Over time, however, this unifying democratic ideal has lost ground to more particular loyalties based on gender, ethnic, or religious associations. In exploring such diverse perspectives, "Bonds of Affection" helps broaden our understanding of what factors converged to splinter and at times degrade American concepts of patriotism.

As the trauma and bitterness of the Civil War faded, for instance, many Americans, especially former military officers, sought to reunify the country by appealing to the valor displayed by the combatants of both sides.

The outbreak of the Spanish-American War in 1898 served as a powerful unifying event, bringing together soldiers from North and South, and in the process prompting one Northern leader to announce that there was now "a new Union, no Northerners, no Southerners, but Americans all."

By the end of the 19th century, Confederate and Union veterans were attending common reunions. In 1906, the Memorial Day holiday was modified to include recognition of Confederate soldiers.
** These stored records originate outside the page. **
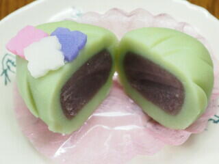 薄緑の紫陽花の葉に赤青白の花びらを乗せた練り切り。中はこし餡。甘い。 |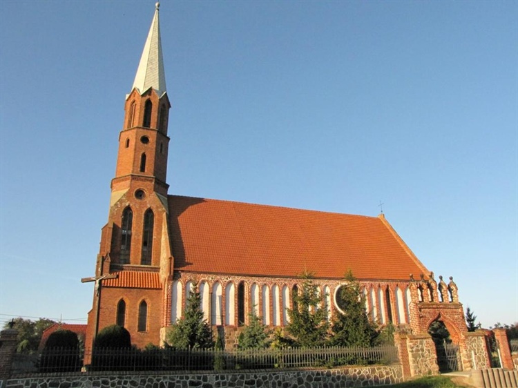 Kościół pw. Matki Boskiej Szkaplerznej w Raduniu został wzniesiony prawdopodobnie na przełomie XIII i XIV wieku, podczas przechodzenia ze stylu romańskiego w styl gotycki, o czym świadczą bogate, wczesnogotyckie dekoracje świątyni, m.in. ostrołukowe blendy znajdujące się na zewnętrznych ścianach świątyni. Jest to budowla salowa, na planie prostokąta, pierwotnie bez wieży, wybudowana z kamienia i czerwonej cegły. W drugiej połowie XIX wieku kościół został przebudowany, na miejscu wcześniejszej drewnianej wieży wzniesiono strzelistą, neogotycką wieżę z cegły. Po II wojnie światowej kościół był kilkakrotnie remontowany i odnawiany. We wnętrzu mieści się późnobarokowy ołtarz oraz XVII-wieczny dzwon, natomiast w otaczającym kościół kamiennym murze znajduje się zabytkowa bramka z cegły ceramicznej.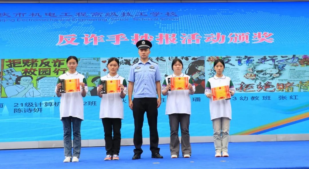 仪式上,我校对在重庆市南岸区长生桥镇人民政府举办的“反诈小能手”宣传手抄报活动中表现优异的学生以及在重庆市技工院校教学教研成果竞赛中获奖的教师进行了表彰。这些荣誉既是对他们辛勤付出的肯定,也是对他们继续努力的激励。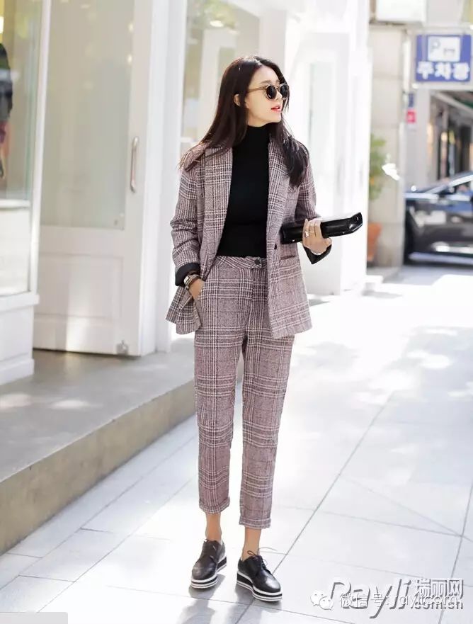 格纹西装搭配尖头牛津鞋,脚踝微露的时髦穿法还可以再撑几天。

Six years later, in 1912, the Daughters of the American Revolution invited the United Daughters of the Confederacy (UDC) to hold a joint annual meeting in Washington, D.C. The vice president of the UDC explained how patriotism could support both the living Union and the memory of a courageous Confederacy.

"Southern women, American women," she declared, instilled in their children "the loftiest patriotism to glory in, to honor and support the Stars and Stripes, yet fold close to their hearts and swear eternal allegiance to a blood-stained banner forever furled."
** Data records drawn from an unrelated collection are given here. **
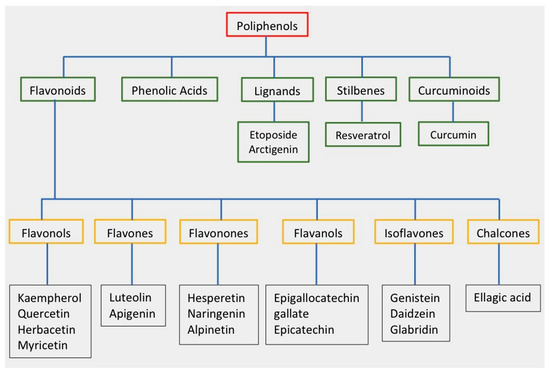 Polyphenols are secondary metabolites that are produced by plants, and they are characterized by the presence of numerous phenolic rings [10]. The main sources of polyphenols are blueberries, grapes, olive oil, cocoa, nuts, peanuts, and other fruits and vegetables that contain up to 200–300 mg of polyphenols per 100 g fresh weight [11]. Figure 1 shows the classification of the main groups of polyphenols.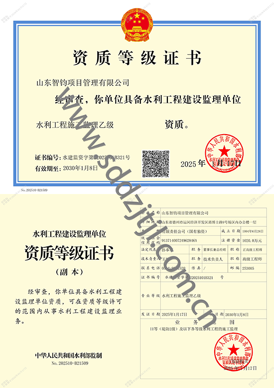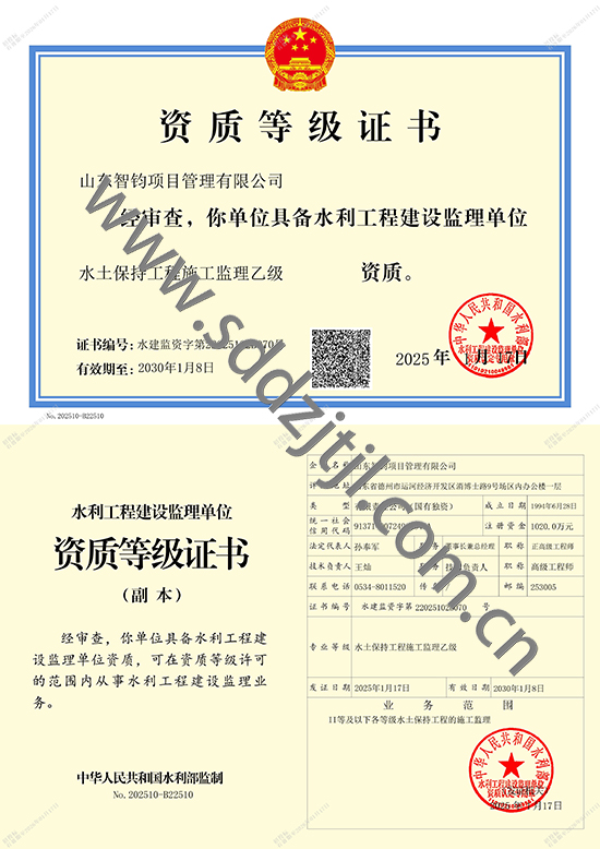 水利部水利工程施工監(jiān)理乙級和水、土保持工程施工監(jiān)理乙級資質(zhì)
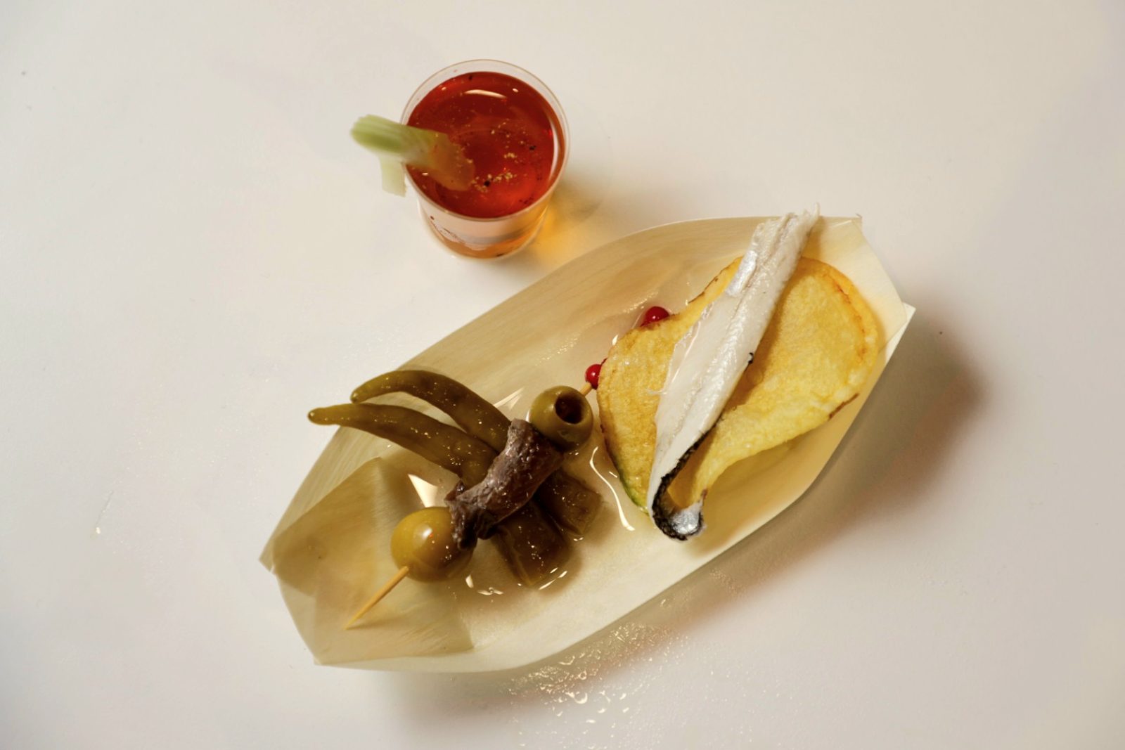 El cóctel de Madrid 2024 ‘Bloody Madryd Santamaría’, elaborado a base de tomate, ha sido maridado en directo con una tapa típica madrileña elaborada por el restaurante Casa Sotero, integrante de la guía Con Solera e icono de la tradición y la calidad de producto en nuestra región. Una gilda clásica con anchoa, acompañada de una patata frita y un boquerón, maridaje perfecto para el cóctel Bloody Madryd del 2024.

President William Howard Taft delivered the keynote address to the gathering. Amid an overflowing hall festooned with Confederate and American flags, he rejoiced in the nation's "common heritage of courage and glorious sacrifice."
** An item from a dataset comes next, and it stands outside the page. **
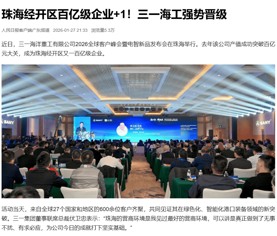 、中国科技网报道国民日报客户端,户峰会暨电智新品公布会即日正在珠海举办三一海洋重工有限公司2026环球客。功冲破百亿元大闭客岁该公司产值成,又一百亿级企业成为珠海经开区。

As Cecilia O'Leary points out, this celebration of a reunited nation shifted the public meaning of patriotism away from civic virtue and democratic idealism to personal valor and martial glory. A "male warrior" model of patriotism emerged at the end of the 19th century to help rationalize American imperial expansion into the Caribbean and east Asia.

In the process, it also helped undermine the public memory of the Civil War as a struggle for civil rights. In 1913, at the 50th anniversary of the Battle of Gettysburg, new President Woodrow Wilson praised the "blood and sacrifice of multitudes of unknown men" on both sides who fought "to make a nation." He made no mention of slavery.

Not all of the other selections are so interesting or so sharply focused. At times, the professorial prose in "Bonds of Affection" becomes a noisy shuffling of note cards, and a few of the authors let their own ideological biases run amok.

Surprisingly, there is no mention of the Olympics and the role of international athletic competition as a catalyst for patriotic fervor.

But such quibbles are beside the point. This book is worthy of sustained interest because it offers provocative insights into the vexed nature of our affection for the American republic.

In the end, what we need is an engaged, yet measured sense of loyalty. Blind patriotism too often degenerates into chest-thumping jingoism. Civic indifference, on the other hand, atrophies the sinews binding the body politic.

Carl Schurz, the German-born political leader from Missouri, struck the right balance when he declared on the floor of the Senate in 1872: "Our country, right or wrong. When right, to be kept right; when wrong, to be put right."

*David Emory Shi, president of Furman University in Greenville, S.C., is a noted historian and author of "The Simple Life: Plain Living and High Thinking in American Culture."